Every year my youngest uncle will prepare a family Eid photobook. Carefully selected photographs i.e. singular or family portraits, family gatherings, family houses, candid shots etc. adorn the pages. He started this tradition along with his personalized family Eid DVDs about 3 years ago in his attempt to create a keepsake for the family, and passing it on to future generations.
On Eid Adha, he brought the photobook. My uncle is known to have a flair in capturing embarrassing images. Gritting my teeth, I flipped through the pages and squirmed at the photos. *it wasn't as bad as last years' ~pheww*
The final leafs had old photos of unfamiliar faces.

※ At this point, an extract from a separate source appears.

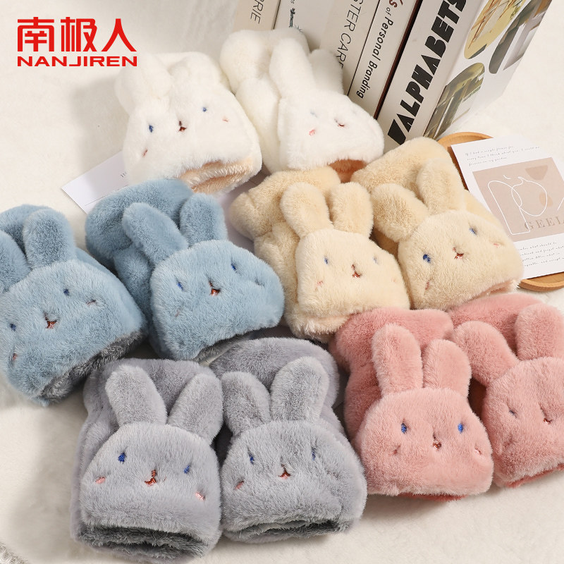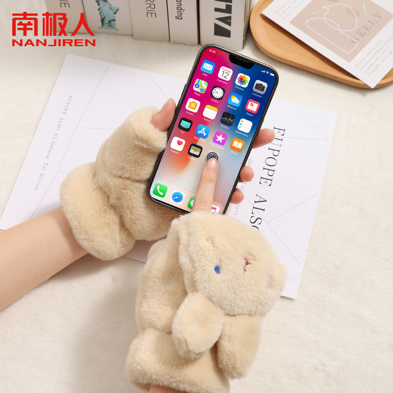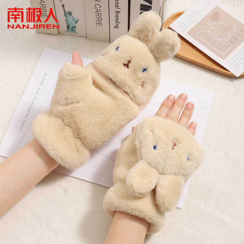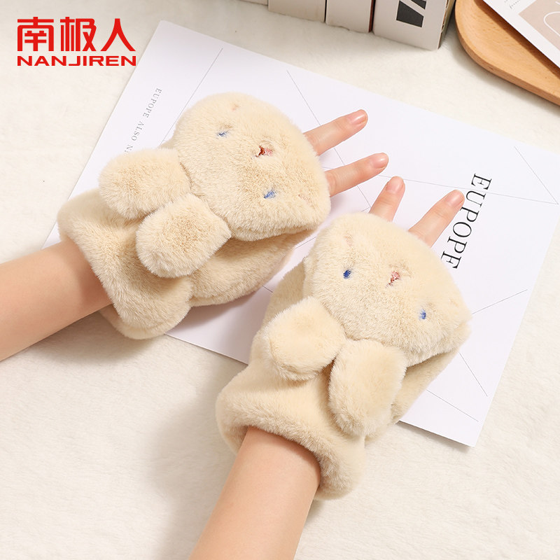 南极人毛绒手套女冬季可爱露手指学生骑行翻盖手套加绒加厚手套H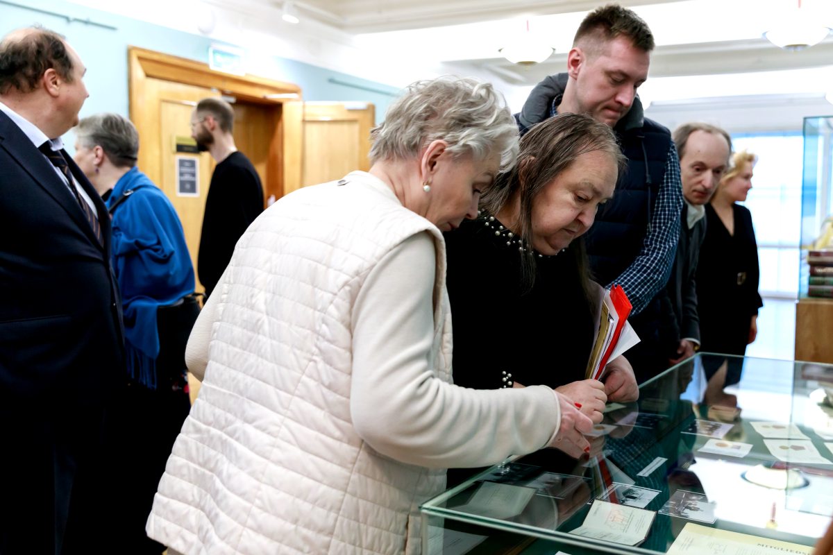 Среди таких, казалось бы, забавных и невеликих по размеру экспонатов, как значки, можно найти несколько с символикой Научно‑исследовательского института полиграфического машиностроения, куда Евгений Львович поступил работать в 1950 году после окончания института, или два значка с изображением Государственной библиотеки имени

Mum :: As a city child, you are not exposed to the life of a kampung community. In those days, we regard our neighbors as our extended family. The concern then was sharing our happiness and sadness with each other, regardless whether you're a Malay, Chinese or Indian.
*Kampung = village
Mum is quite right. Life in the city, with its endless hustle and bustle leaves little importance in instilling neighborliness.
Ask yourself ...
- How many of us know the difficulties our neighbors go through?
- How many of us know the names of every single member in our neighbors' family?
- How many of us speak to our neighbors on a daily basis?
When I talk to my neighbors in KL, they will say; "I knew your grandparents / know your parents."
I hope there will come a day when their kids will say the exact thing to me too.